I'm reading through the spec, and https://github.com/WebAssembly/tail-call/blame/master/document/core/exec/instructions.rst#L1134 says that there must be at least m values on the stack, but then proceeds to pop n items from it

Should that m be n? Or am I misunderstanding something?

Including tail-callability in signatures

An open question in the design space is whether to include tail-callability in function signatures. This would provide greater consumer flexibility for functions that are not tail-called. For example, non-tail-callable functions wouldn't be restricted to callee-pop calling conventions (on platforms where that applies).

This would also provide a tidy answer to the open question about tail calls to host functions: each host function would indicate its tail-callability in its signature.

Performing a tail call to a non-tail-callable function, or importing a non-tail-callable export as tail-callable, would have the same behavior as a type signature mismatch.

Performing a non-tail call to a tail-callable function, or importing a tail-callable export as non-tail-callable, could either:

behave as a type signature mismatch (simpler for spec and consumers, less flexible for producers), or
succeed (modest subtyping, more flexible for producers).

Tail-invoking host functions?

Does this proposal include tail-calling of host functions? The spec seems to only mention regular non-return invoking of host functions, but I didn't see anywhere that it explicitly says it's not possible.

Thanks!

Expand motivation section of overview

Some feedback I've heard about this proposal is that the motivation is unclear for why this has to be an operation in core wasm.

Specifically I've had it asked, "why can't this be done by compilers targeting wasm"? I don't think the motivation section goes into this at all, and I think that would be useful.

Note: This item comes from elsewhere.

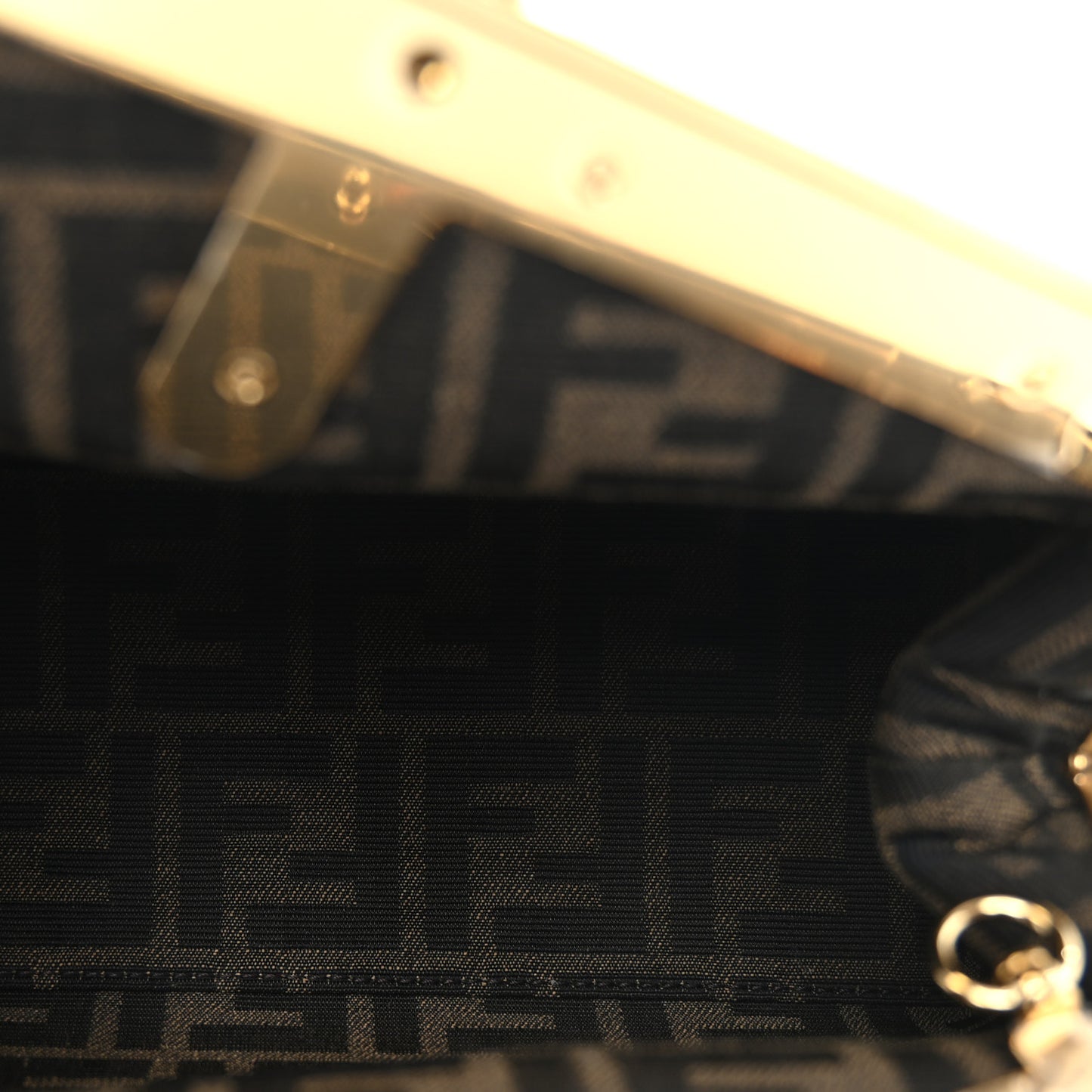 This is an authentic FENDI Shiny Nappa Small Fendi First in Dove Gray. This unique clutch is crafted of beige lambskin leather with a structured F frame at the top. The bag features a removable adjustable leather crossbody strap and opens with a press lock to a FF logo fabric interior.Follow this item for alerts. Fendi is a registered trademark of Fendi. FASHIONPHILE is not affiliated with Fendi.

The best answer I've been able to give is that this is not possible for return_call_indirect, which is basically an indirect jump and has no close analogue in core wasm. I'm not as knowledgeable though about the general case of a functional language wanting to compile to wasm and the feasibility of performing tail call elimination in a compiler. I think for posterity it would be nice to have something to point to on this.